In 1918 an article in The Sydney Morning Herald reported on brooms being hand-made in the Blue Mountains village of Blackheath;

The brooms are manufactured under the most primitive conditions, the machine for binding them together being home-made, and it is contended by the maker that with proper machinery a much better and more durable article could be manufactured. The maker of these brooms collects the stiff, spiky grass that grows in abundance on the mountain-side, and in his hut turns it into the finished article. The grass tree [also] provides him with the raw materials for making hand whisks, so popular in hairdressing saloons.

The maker was Mr William Murphy, who had arrived in the Blue Mountains as an elderly man shortly before WWI. He was a bachelor, and chose to live the life of a hermit. He built himself a stone hut at  spectacular Perry’s Lookdown, in Hat Hill Road.

Perry's Look-down, Blackheath

The view from Perry’s Look-down

It was here  he gathered the stiff  blades of the grass trees to make his simple brooms and whisks.

Grass tree, Blackheath NSW

A grass tree growing near Mr Murphy’s old home.

To bind the grass he invented a  quirky  apparatus using  pulleys made from cotton reels. The result was an effective ‘straw’ broom, more commonly made from millet.

William Murphy

William Murphy, the hermit of Hat Hill


William Murphy's Hut, Blackheath

A simple abode


Of course, Mr Murphy was never really alone. He had a great love of the area’s wildlife, and befriended the native birds and animals. Soon, word spread and tourists would arrive at dusk to watch him whistle up  possums, wallabies and the colourful mountain parrots.


Crimson rosella.

King Parrot

King Parrot

At the end of  January 1919 there was a huge bush fire in Blackheath. It raged through the Hat Hill area, fuelled by the  oil rich eucalyptus trees. The roof and entire contents of the hut were destroyed, but  old William was found sheltering in his private ‘shower’, a little waterfall nearby.  Unfortunately, many of the creatures he loved so much were destroyed in the fire. The blackened landscape was a constant reminder of the trauma he had endured.

Local people helped rebuild the hut, and he was given a horse, to make his journeys into Blackheath village easier, but his  spirit was broken. He left the Mountains soon afterwards. The old fellow died in Sydney, in 1927, aged 81.

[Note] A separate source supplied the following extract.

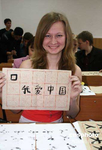 5月7日,應(yīng)俄羅斯布拉戈維申斯克市國(guó)立師范大學(xué)孔子學(xué)院邀請(qǐng),黑河學(xué)院的兩位書(shū)法教師到孔子學(xué)院,向俄羅斯學(xué)生講解并傳授中國(guó)傳統(tǒng)書(shū)法藝術(shù)。據(jù)悉,此次活動(dòng)是為慶祝俄羅斯布拉戈維申斯克市國(guó)立師范大學(xué)孔子學(xué)院成立一周年而舉辦。中新社發(fā) 邱齊龍 攝

The remains of his stone hut can still be found  near the carpark at Perry’s Look-Down


Remains of William Murphy's hut, Blackheath

The ruins of Mr Murphy’s hut.

There  is a delightful podcast  and a song about Mr Murphy, written  by historian and folk singer Jim Low. CLICK HERE


I decided I would have a go at making a broom from the grass tree in my garden. It was quite easy.  I just grabbed  a handful of the blades, snipped them off, and secured them with an elastic  band. Then I  pushed a  stick handle into the centre . A very unsophisticated  version, but it worked pretty well.  I could sell a few at the Blackheath Farmers’ Market, especially in the lead-up to Halloween.

Grass tree broom

Grass tree broom.

The residents of Blackheath complained of one major shortcoming with Mr  Murphy’s product. When the grass dried out, bits started to  snap off.  Regrettably, I can confirm that this is true.

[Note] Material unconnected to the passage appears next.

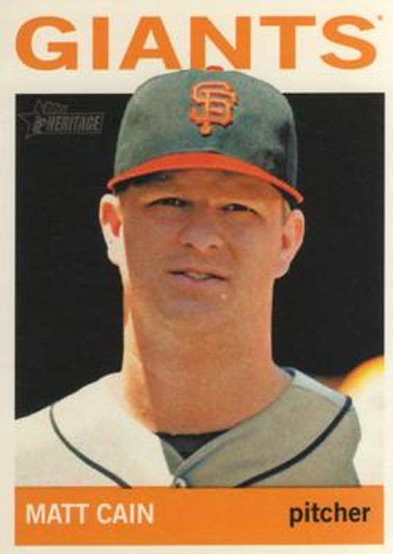 Matt Cain's Baseball cards are available in at least 12 sets. Matt Cain's biggest 7-day price movers are 2013 Topps Heritage #350 Base, 2013 Topps Heritage #64M-MC 1964 Mint - Dime /10, and 2013 Topps Heritage #64M-MC 1964 Mint - JFK Silver Half Dollar /1.

Here is the ‘Murphy Broom’,  ready for a test flight by Editor Des and his friend Milly.  No, it did not end well.


Grass tree broom ready for test flight by Editor Des andMilly

Test flight of the grass tree broom




  1. I love it, a new career for you of course, you could autograph each one aqd Editor Des could be your manager . I’m sure he wouldn’t ask for a very high percentage of sales.

    • Pauline

      Probably make more than from writing, Chris. Editor Des would extract every cent he could!

  2. Of course the test flight of the broom didn’t go well – they are sitting on it backwards!